CURWOOD: It's hard not to smile at a field full of radiant sunflowers, and that's one reason why a redevelopment group in New Orleans is planting the giant blossoms in vacant lots, a bid to reclaim a badly blighted neighborhood near the superdome.

Not only will the sunflowers brighten people's lives, they'll also help power cars and trucks. Will Bradshaw is president of Green Coast Enterprises in New Orleans, and a partner in Project Sprout, which is based on a similar program at Pittsburgh. Welcome to Living on Earth, Mr. Bradshaw!

BRADSHAW: Hi.

CURWOOD: So I understand that you just recently planted your first test plot of sunflowers in New Orleans. Tell me about the area where you're starting. How big is it? Where is it located?

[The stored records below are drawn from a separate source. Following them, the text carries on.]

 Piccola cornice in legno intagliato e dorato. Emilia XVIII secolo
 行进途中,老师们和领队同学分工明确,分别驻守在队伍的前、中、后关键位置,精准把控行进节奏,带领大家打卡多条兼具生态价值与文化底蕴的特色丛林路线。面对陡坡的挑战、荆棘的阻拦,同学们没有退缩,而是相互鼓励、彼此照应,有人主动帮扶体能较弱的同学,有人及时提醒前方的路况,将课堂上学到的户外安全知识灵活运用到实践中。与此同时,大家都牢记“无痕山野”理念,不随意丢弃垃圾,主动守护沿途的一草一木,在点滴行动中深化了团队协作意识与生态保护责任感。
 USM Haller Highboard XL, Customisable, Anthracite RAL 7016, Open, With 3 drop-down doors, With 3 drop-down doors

BRADSHAW: It is three of the four corners of the intersection of Jackson and Johnson, which is right adjacent to the B.W. Cooper housing project.

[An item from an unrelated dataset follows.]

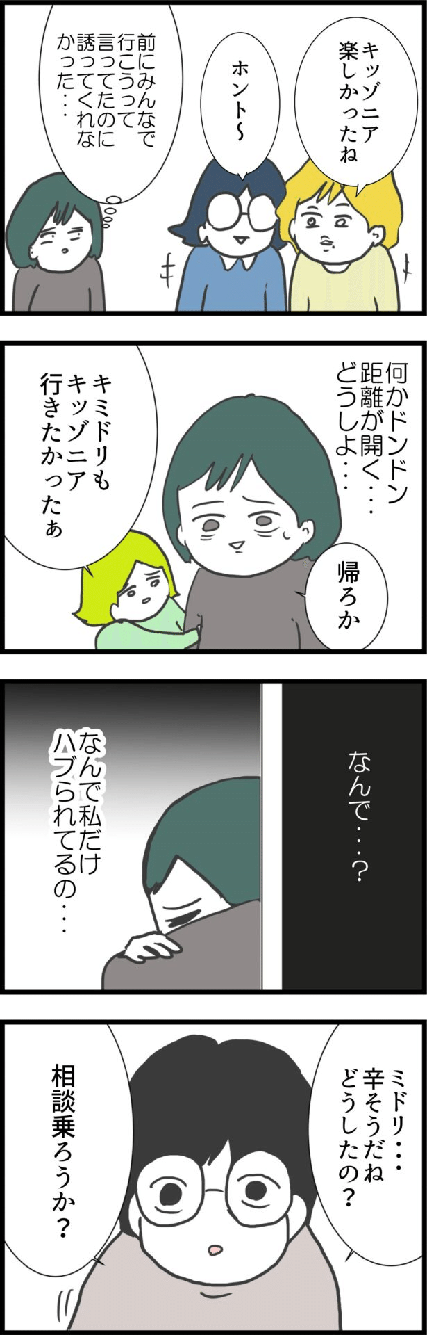 2. 「なんで私だけ…」ママ友たちとの距離は広がるばかり…心配して声をかけてくれたのは?【うちの夫と関係が!? 怪しい4人のママ友 Vol.25】

CURWOOD: So what did these lots look like before you started planting the sunflower crop?

BRADSHAW: They were largely overgrown. One of them had been filled with construction debris from what looked like a foundation excavation. So it had some pieces of concrete and rebar and a bunch of piles of dirt. And then grass and weeds and whatnot had grown over the top of that. Another had been used by a road crew illegally to store their materials, including some potentially contaminating product for curing concrete in a big 55-gallon drum that was just open. Another had an old boat that had been basically rotted in half and been left there and some tires and stuff like that. But they were all largely abandoned lots that had just been used for illegal dumping.